When Franklin left King's College, Gosling was reassigned back to work with Wilkins, with whom he formally completed his thesis work. After the first Nature article on the x-ray diffraction results leading to the double helix model, he and Franklin (who had by that time left King's College) followed up their DNA x-ray analysis with a second article in Nature.

His other King's colleagues included Alex Stokes and Herbert Wilson.

===Work following Kings College===
Gosling briefly remained at King's College following the completion of his thesis in 1954, but the 1953 work on DNA structure was not, at the time, viewed with the importance it now has achieved, and following his Ph.D., Gosling found no opportunity to continue at King's, although he would have liked to do so.

Gosling went on to lecture in physics at Queen's College, University of St Andrews in Scotland, and then found a long-term position at the University of the West Indies.
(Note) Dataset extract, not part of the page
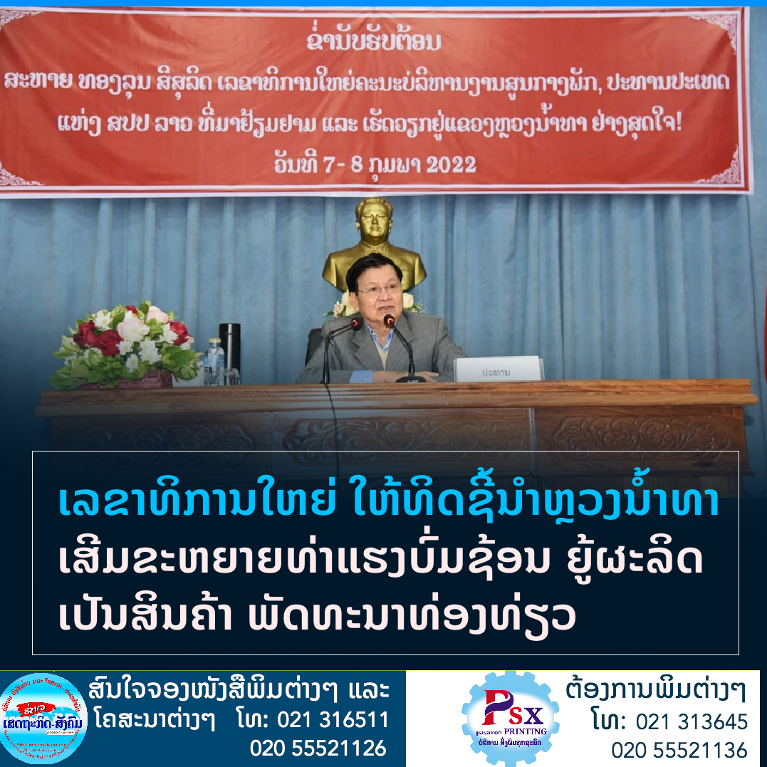 ສະຫາຍ ທອງລຸນ ສີສຸລິດ ເລຂາທິການໃຫຍ່ຄະນະບໍລິຫານງານສູນກາງພັກ ປະທານປະເທດ ແຫ່ງ ສປປ ລາວ, ໃຫ້ທິດຊີ້ນຳຫຼວງນໍ້າທາ ຈົ່ງເສີມຂະຫຍາຍທ່າແຮງບົ່ມຊ້ອນຂອງພູມປະເທດໃນເຂດແຂວງ; ບໍ່ວ່າຈະເປັນແຫຼ່ງນໍ້າ, ສະພາບອາກາດ, ທິວທັດທຳມະຊາດ ແລະ ອື່ນ

For a few years he continued with crystallography research, focusing on analysis of the structure of nucleotides, but then shifted toward research in the field of medical physics, working on designing equipment to study and diagnose atherosclerosis.

===Work at Guy's Hospital===
He returned to the UK in 1967 and became lecturer and reader at Guy's Hospital Medical School, and professor and emeritus professor in physics applied to medicine from 1984. Here he helped develop the underlying basic medical science and technology for haemodynamic doppler ultrasound vascular assessment in the Non Invasive Angiology Group, and set up the clinical Ultrasonic Angiology Unit.

Gosling served on numerous committees of the University of London, notably relating to radiological science, and retained an active professional involvement in medical physics almost to the end of his life.

== Personal background ==

Gosling and his wife Mary had four sons, the eldest of whom is the furniture designer Tim Gosling. Raymond Gosling died at the age of 88 on 18 May 2015.